Most occult shops provide the herbs, candles and other paraphernalia for invoking spirits or spells not ordinarily found at the Winn-Dixie. (although often available at Schwegmann’s, New Orleans’ first “superstore.”) Since the tools of the trade are closely related, as are the actual techniques of voodoo, witchcraft and santeria, most occult shops have similarities of inventory regardless of their actual orientation. Here are a few of the better known ones:
Divine Light, at 3318 Magazine St., 899-6617. This place is described by its proprietor as a general spiritualist supply shop, not affiliated with anyone branch of the occult, “although some clients practice voodoo or santeria – mostly light stuff aimed at getting evil spirits out of the house.” Consultations and tarot readings are also offered and appear to be in strong demand.
F&F Botanica, 801 N. Broad, 482-9142. Hours: 8:00 a.m. – 6:30 p.m. Monday through Saturday. A “Botanica” is what shops such as these are designated in Spanish, a reference to the wide stock or herbs they carry. F&Fis the Schwegmann’s of occult supply stores, with a huge selection of herbs, candles, oil, and a vast array of saint statuary.

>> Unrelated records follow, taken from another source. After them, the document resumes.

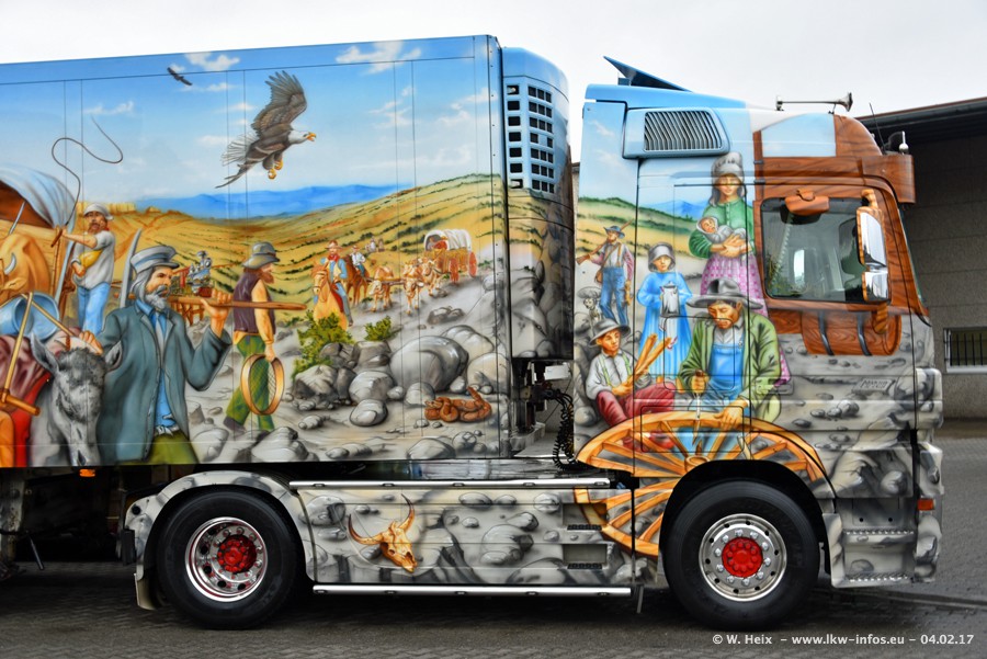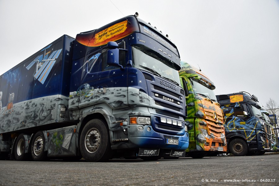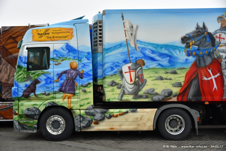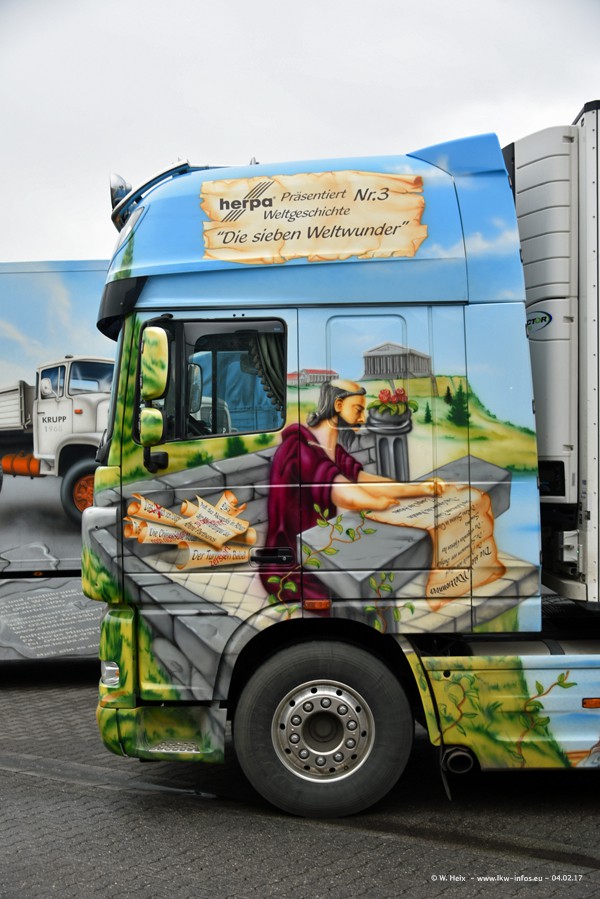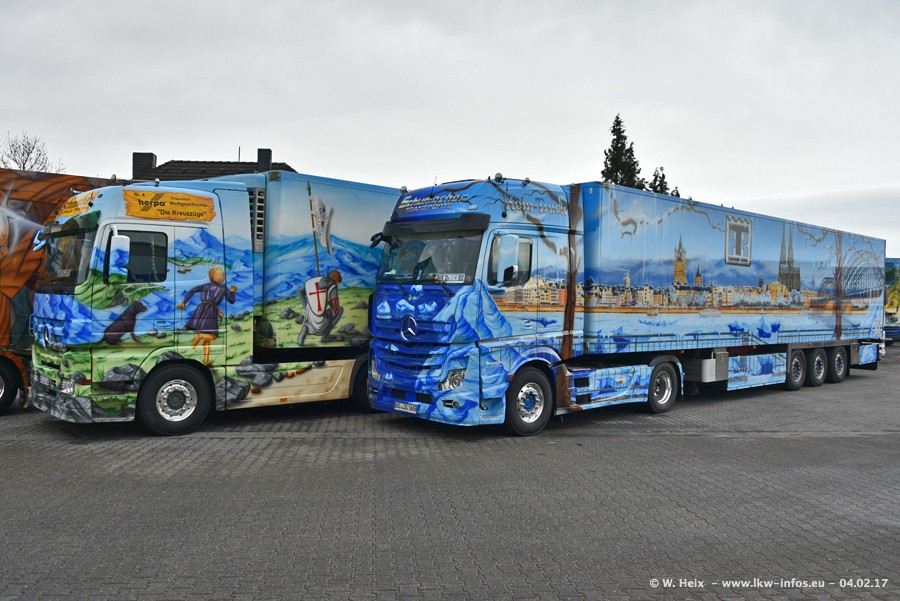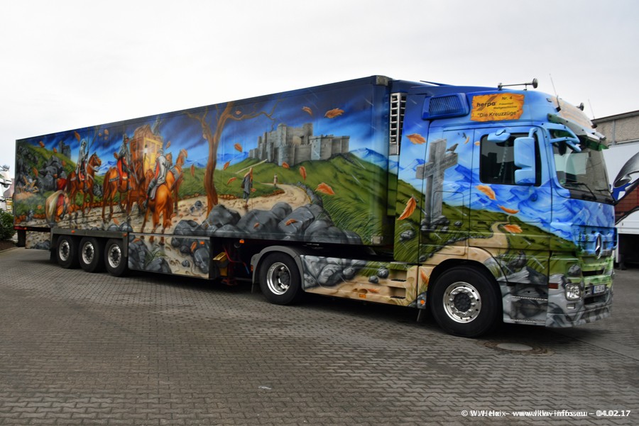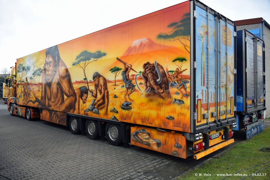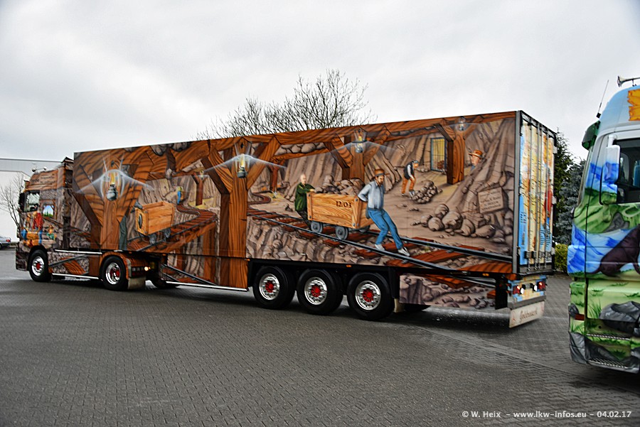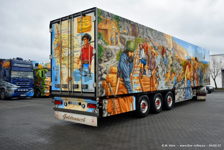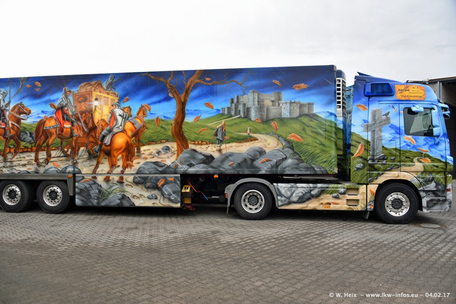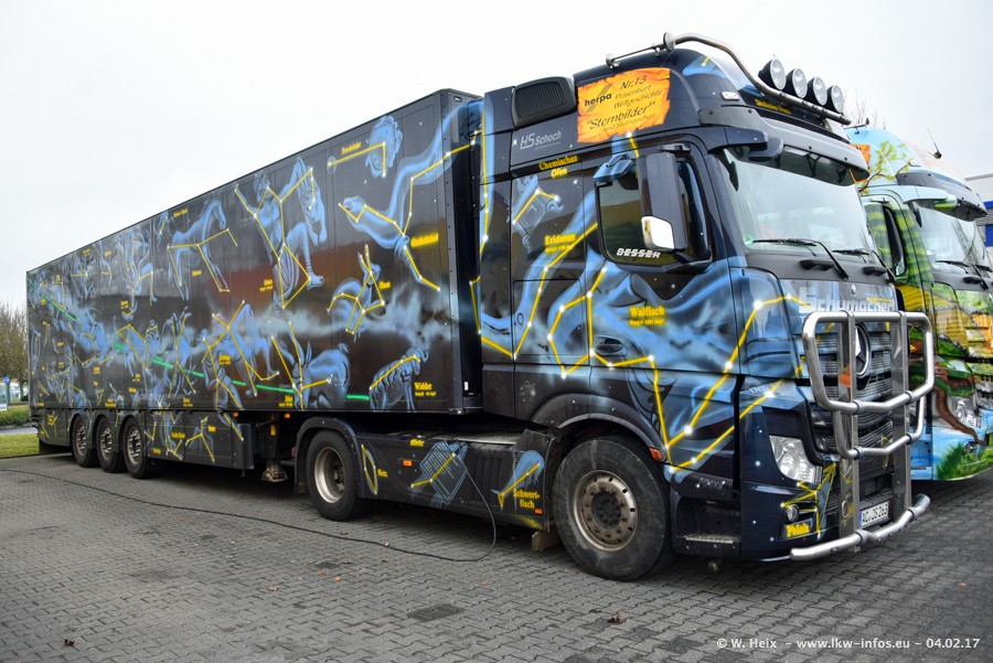 Es sind seit dem letzten Besuch bei Schumacher schon wieder rund 1,5 Jahre vergangen. Eigentlich sollte heute die Sonne scheinen, aber das Wetter war dann leider doch schlechter als erwartet. Trotzdem konnte ich wieder viele schöne Bilder machen. Bereits im Sommer 2015 (kurz nach meinem letzten Besuch) hat Schumacher den von der Spedition Sturm aus Viersen übernommenen Showtruck "Herpa/Die Geschichte der Nutzfahrzeuge" bekommen. Die Zugmaschine (Scania R 500 V8) wurde verkauft und durch einen MAN TGX Euro 6 ersetzt. Heute konnte ich von diesem LKW viele Bilder machen. Auf den ersten Fotos war der Showtruck (noch) nicht gewaschen. Aber nach der Fahrt durch die firmeneigene Waschanlage konnte ich nochmals schöne Fotos machen. In den letzten Monaten wurde der Fuhrpark zudem mit Zugmaschinen von Mercedes-Benz und MAN modernisiert. Aber bei diesem Besuch habe ich mich überwiegend auf das Fotografieren der Showtrucks beschränkt.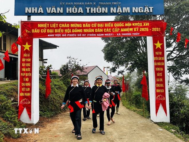 Người dân vùng biên giới Thanh Thủy (Tuyên Quang) hân hoan đi bỏ phiếu bầu cử đại biểu Quốc hội và đại biểu Hội đồng nhân dân các cấp nhiệm kỳ 2026–2031. (Ảnh: Đức Thọ/TTXVN)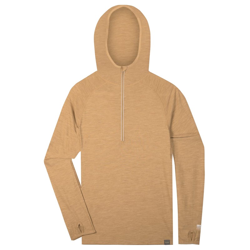 MERIWOOL Men’s Base Layer Hoodie Lightweight Merino Wool Long Sleeve Thermal Sand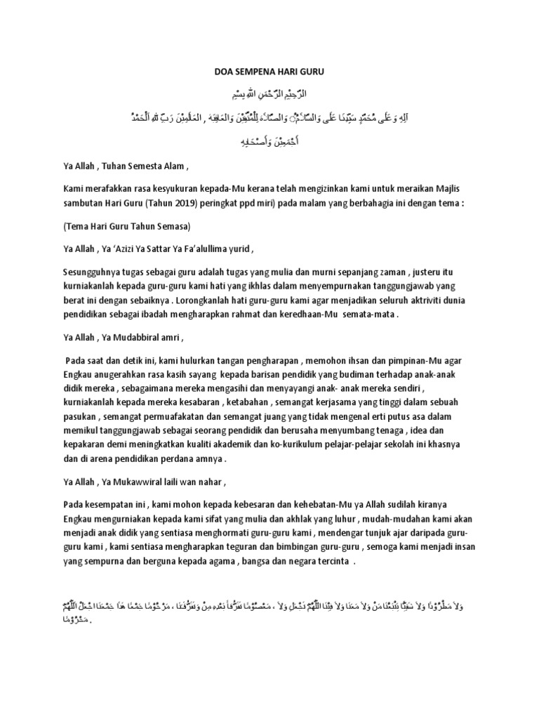 Pendidik2u Doa Majlis Sambutan Hari Guru 2019 Versi Pdf Facebook

Obviously catering to the santeria sects, it also offers a large stock of occult books and consultants in the rear.
The Helping Hand, 1732Tulane Ave, 523-5089. Hours: 10:00 a.m. – 6:00 p.m. Monday through Saturday. A colorful, established place near Charity Hospital, the Helping Hand is closely associated with the beliefs of the black community. An advisor is available.
The Witchcraft Shop, 521 St. Philip St., 586-0449.Hours: 12:00noon – 8:00 p.m. Monday through Sunday. Founded some years ago and long associated with the legendary local witch, Mary Oneida Toups, the shop is affiliated with the Religious Order of Witchcraft of Louisiana. As to where they are oriented among the many forms of witchcraft, the proprietor declined to comment. The atmosphere of dark theatricality is colorful and appropriate to the French Quarter location. They manufacture their own oils and tarot readings are available.